The two main possible business models are:

  • Sharing the responsibilities in reproducibility of scientific results, facilitating contracts between research laboratories, faculties and companies. This allows to develop specific algorithms which are relevant to their business or to benefit from the experience of the laboratory when jointly developing a complete pipeline.

  • Spin-off projects (startups or incubated within larger companies) which would design tailor-made software solutions for SMEs based on particular chains of algorithms optimized for specific businesses. It can be understood as an accelerator for the development of business ideas in startups by facilitating agile cycles providing proofs of concept, sandbox, and minimum viable products (MVP).

OVD-SaaS Applications. The OVD-SaaS application differs from the IPOL demo system in that it allows for applications whose lifetime is much larger compared to the short execution of an online demo.
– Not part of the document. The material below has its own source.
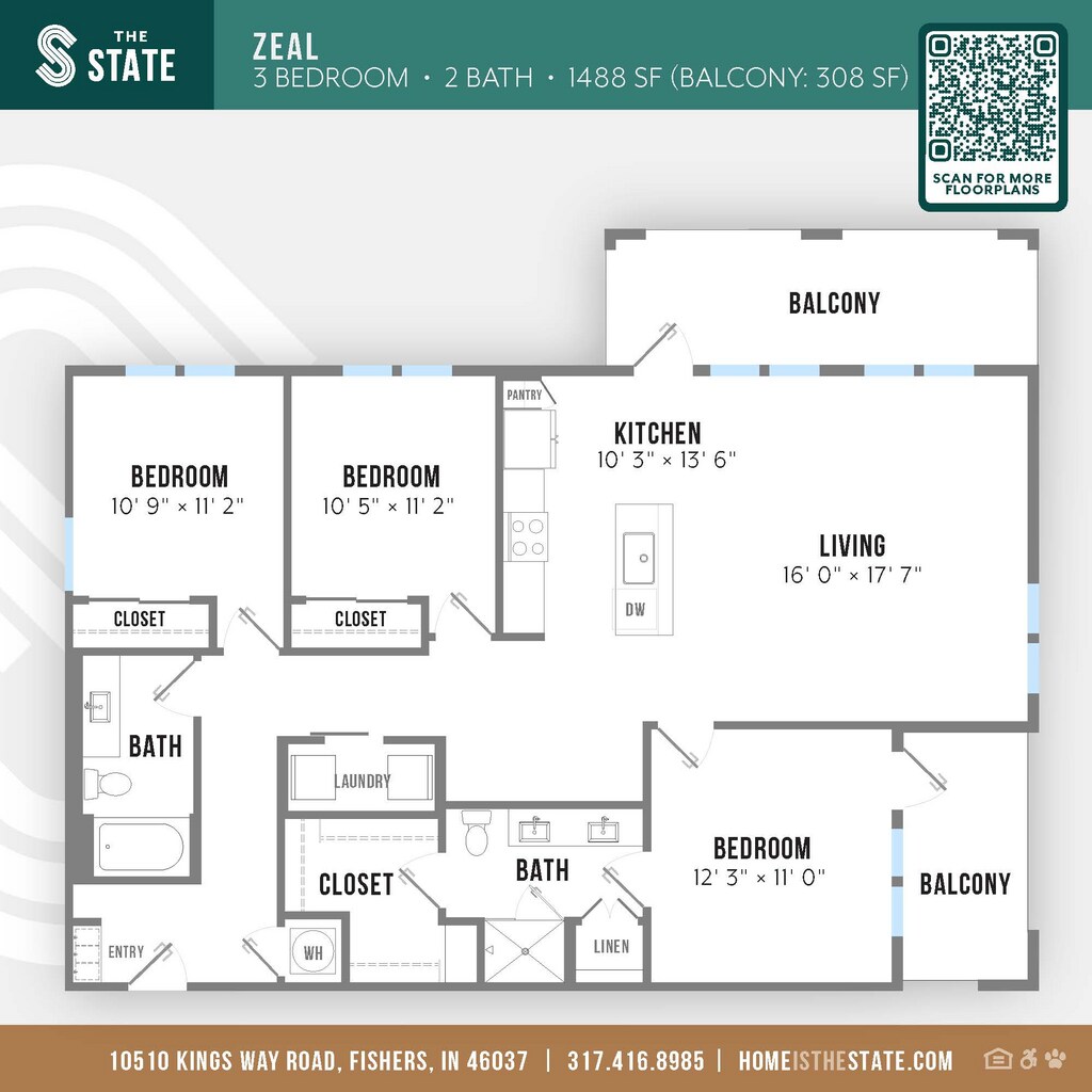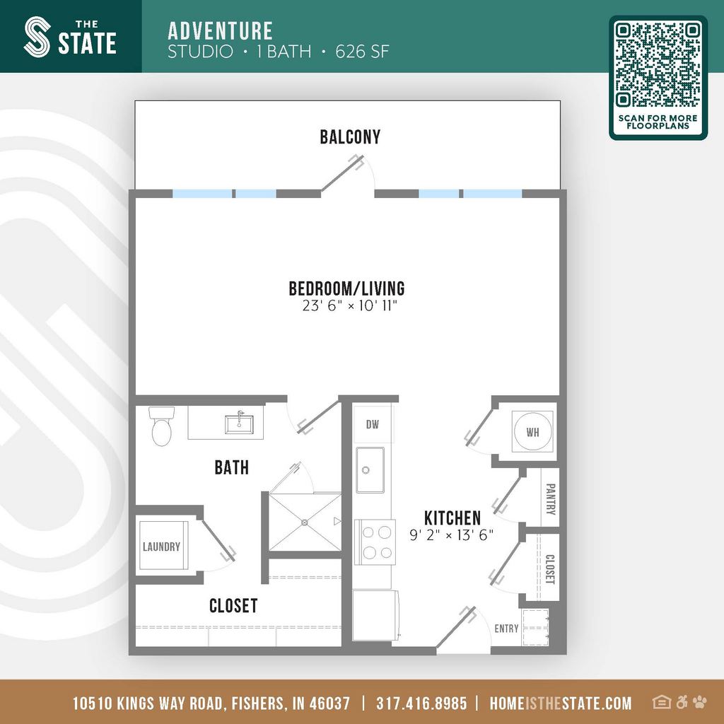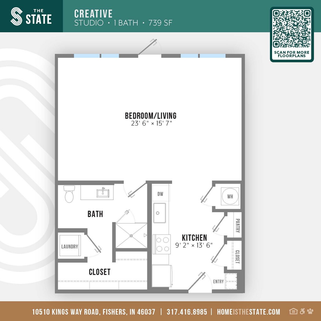 The State at Fishers Apartments offers Studio to 3 Bedroom apartments starting from $1,294 and having 100–1,488 sq ft. Here is the current pricing and availability:
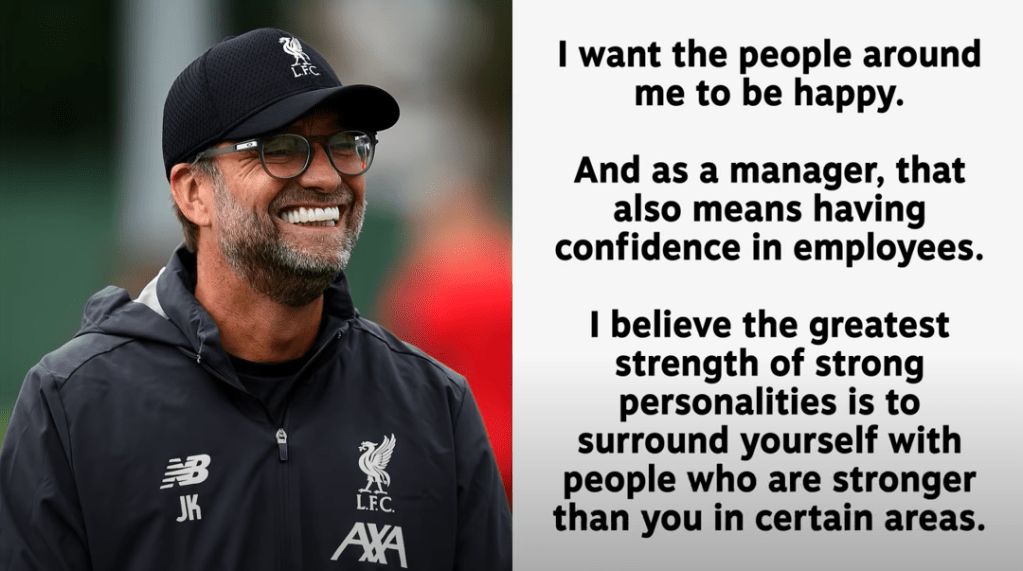 “Itulah kepemimpinan: miliki orang-orang hebat di sekitarmu dengan pengetahuan yang lebih baik di berbagai departemen dibandingkan dengan dirimu sendiri. Jangan bertindak seolah-lah Anda tahu segala hal. Bersiaplah untuk mengakui: ‘saya memang tak tahu apa-apa saat itu, beri saya waktu dan mungkin saya bisa menjadi tahu’. Itulah yang saya pahami, tapi itu bukan semacam filosofi. Itulah cara saya,” ujar Klopp dalam sebuah wawancara dengan Liverpoolfc.com.

In the case of an online demonstration, the input data is loaded, the algorithm is run, the results are displayed, and the execution of the demonstration finishes. However, in the case of OVD-SaaS applications, they run continuously, listening for events to wake up and processes more data if needed. We shall generically call these new long-lived processes Applications. The architecture of the OVD-SaaS system has not been written from scratch, but new modules are added to the IPOL’s architecture to build OVD-SaaS.

The main advantages of OVD as a SaaS system are the scalability of the application (permitting to spawn effortlessly new processing instances as needed) and the modularity of the resulting pipeline (permitting to replace any block with ease). The developer of an algorithm does not license its use to a client, instead it sells the service of processing the data, or a final application, as in our proposal.

5 Conclusion

Reproducible research is necessary for the advancement of science and the validation of research results. It requires efforts covering various fields including platforms to demonstrate and reproduce results, libraries to directly exploit research artifacts, and editorial work, publishing not only source code, but even complete services. We have surveyed different platforms which can be helpful in reproducible research, recent image-processing libraries such as Higra, and even journals such as IPOL. The IPOL was one of the first requesting that the article, the software and the associated data artifacts should be part of the same publication. IPOL is constantly adapting to the needs of its users with the inclusion of new data types and interactive visualizations. Inspired by IPOL, OVD-SaaS is an extension which intends to be a nexus between academy, industry, and publishers to provide an answer to the reproducibility problems in the context of industrial applications.

Strong efforts are needed from the different actors involved in the research community, such as authors, editors, and publishers. As we showed in this short survey, fortunately several tools, libraries, and services are available to help perform reproducible research.